* EXERCISE PROMPT
Repeat the records below verbatim, and do not copy their pictures.

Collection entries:
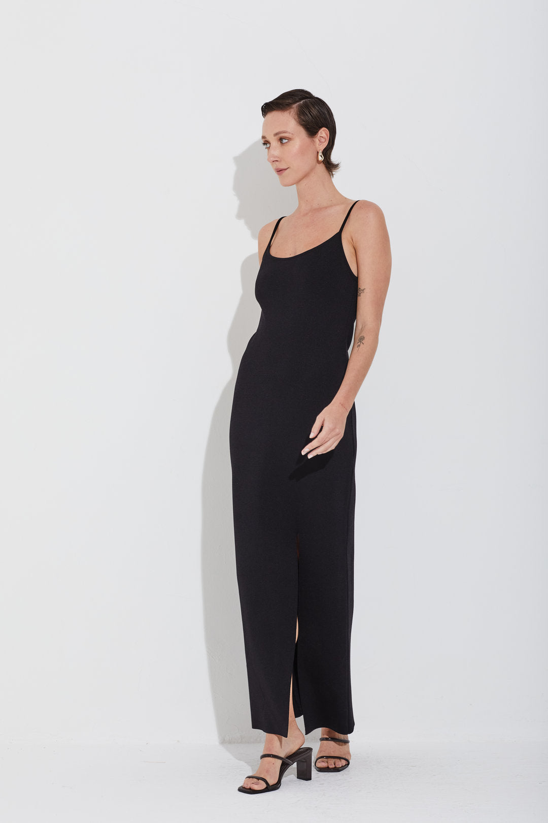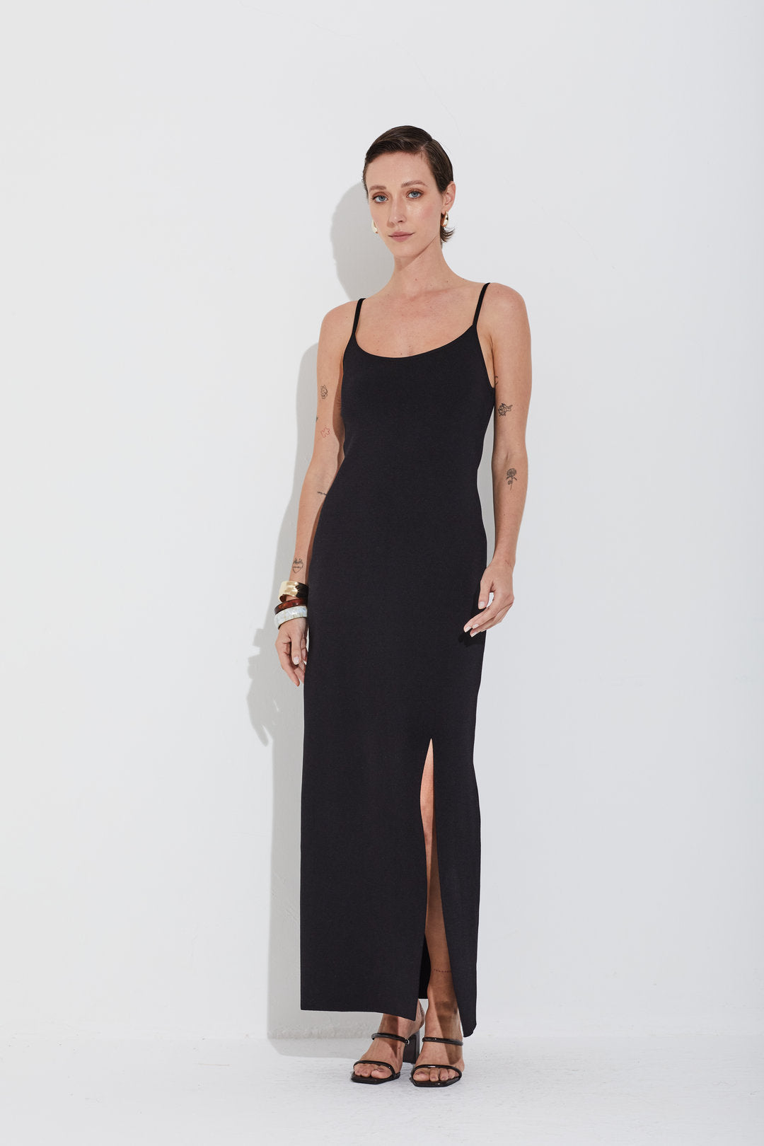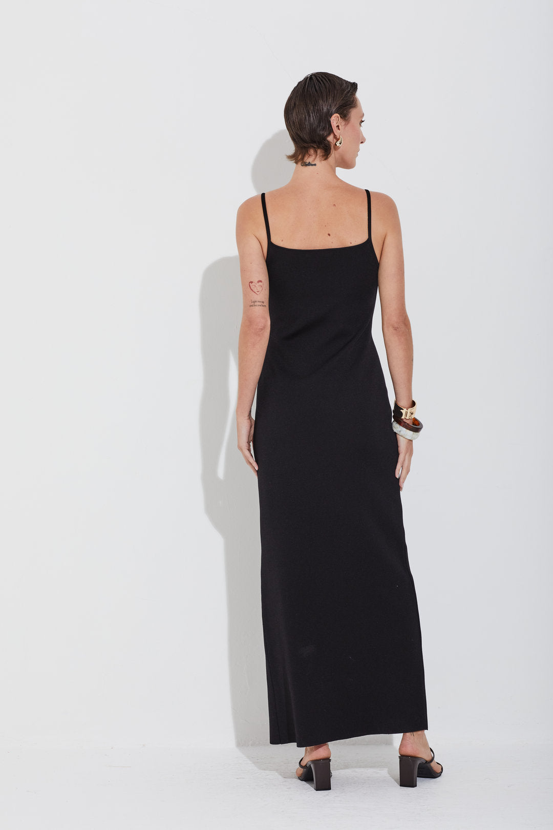 Vestido longuete em tricot encorpado com elastano, com alças finas e leve brilho acetinado. A modelagem ajustada ao corpo valoriza a silhueta, enquanto a fenda frontal do lado esquerdo traz movimento e um toque de ousadia na medida certa. Uma peça feminina e marcante, ideal para ocasiões que pedem presença.
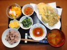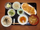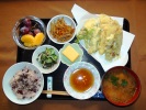 お赤飯(ごま塩)、味噌汁(豆腐、なめこ、三つ葉)、天ぷら盛合せ(さつま芋、かぼちゃ、ピーマン、ナス、アスパラ、舞茸、竹輪、ふきのとう)、金平ごぼう、酢の物(キュウリ、ワカメ、カニカマ)、厚焼き玉子、フルーツ:伊予柑、ぶとう |
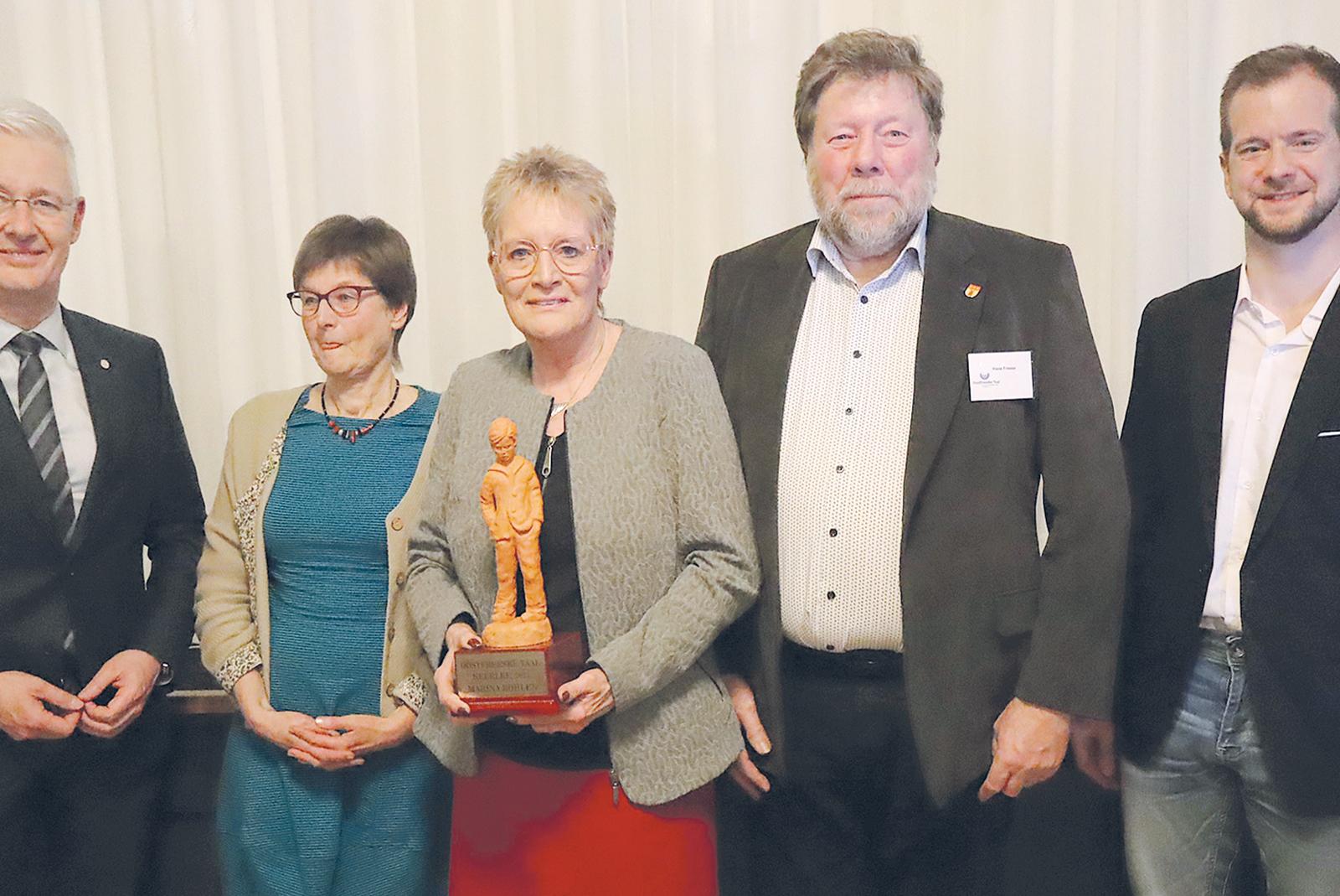Marina Bohlen (dritte von links) für ihre Verdienste um die Plattdeutsche Sprache mit den »Keerlke«-Preis ausgezeichnet. Das Foto zeigt außerdem den Leeraner Landrat Matthias Groote (von links), Laudatorin Angelika Seidel, den Vorsitzenden des Vereins »Ostfreeske Taal«, Hans Freese, sowie Festredner Jan Aden. © Foto: Ammermann
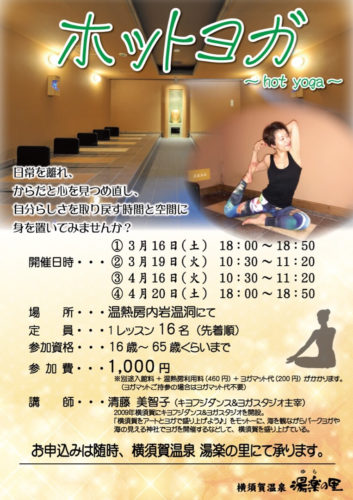 毎週火曜日 岩盤ヨガ - SPA&HOTEL水春 松井山手京都府京田辺市のスーパー銭湯・ホテル・岩盤浴・サウナ。
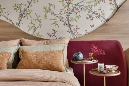 O Quarto Feminino mostra que a tendência de compor com diferentes cores e texturas não precisa ser maximalista, pode ser sutil. Combinar um ponto de cor com tons neutros, ou texturas leves com papel de parede delicado, revela um equilíbrio entre identidade e sofisticação.
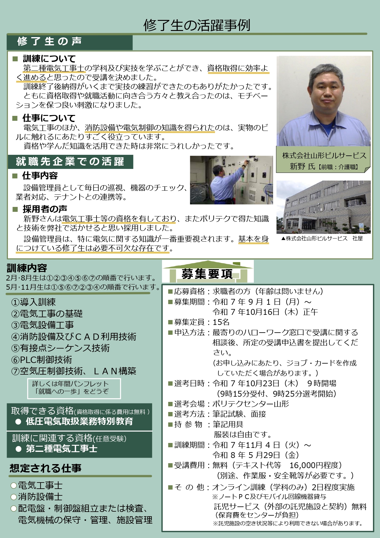 ポリテクセンター山形 11月受講生募集中! 電気設備技術科
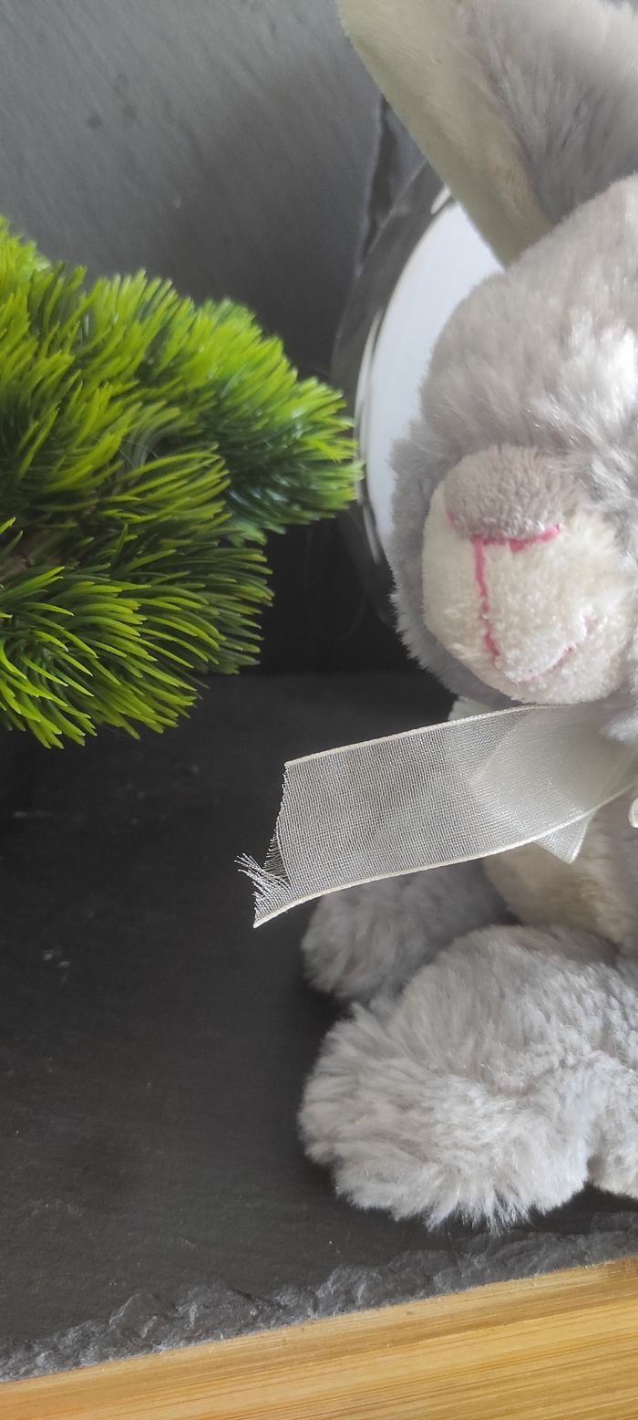 peluche doudou lapin gris blanc noeud satin couché toys global ltd doux - photo numéro 3
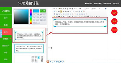 1、打开96微信编辑器,主界面左侧为素材导航区,分类包括微信公众号关注素材、标题、正文、分割线、阅读全文及分享等素材;

* REPLY TO THE EXERCISE
 Vestido longuete em tricot encorpado com elastano, com alças finas e leve brilho acetinado. A modelagem ajustada ao corpo valoriza a silhueta, enquanto a fenda frontal do lado esquerdo traz movimento e um toque de ousadia na medida certa. Uma peça feminina e marcante, ideal para ocasiões que pedem presença.
 お赤飯(ごま塩)、味噌汁(豆腐、なめこ、三つ葉)、天ぷら盛合せ(さつま芋、かぼちゃ、ピーマン、ナス、アスパラ、舞茸、竹輪、ふきのとう)、金平ごぼう、酢の物(キュウリ、ワカメ、カニカマ)、厚焼き玉子、フルーツ:伊予柑、ぶとう |
Marina Bohlen (dritte von links) für ihre Verdienste um die Plattdeutsche Sprache mit den »Keerlke«-Preis ausgezeichnet. Das Foto zeigt außerdem den Leeraner Landrat Matthias Groote (von links), Laudatorin Angelika Seidel, den Vorsitzenden des Vereins »Ostfreeske Taal«, Hans Freese, sowie Festredner Jan Aden. © Foto: Ammermann
 毎週火曜日 岩盤ヨガ - SPA&HOTEL水春 松井山手京都府京田辺市のスーパー銭湯・ホテル・岩盤浴・サウナ。
 O Quarto Feminino mostra que a tendência de compor com diferentes cores e texturas não precisa ser maximalista, pode ser sutil. Combinar um ponto de cor com tons neutros, ou texturas leves com papel de parede delicado, revela um equilíbrio entre identidade e sofisticação.
 ポリテクセンター山形 11月受講生募集中! 電気設備技術科
 peluche doudou lapin gris blanc noeud satin couché toys global ltd doux - photo numéro 3
 1、打开96微信编辑器,主界面左侧为素材导航区,分类包括微信公众号关注素材、标题、正文、分割线、阅读全文及分享等素材;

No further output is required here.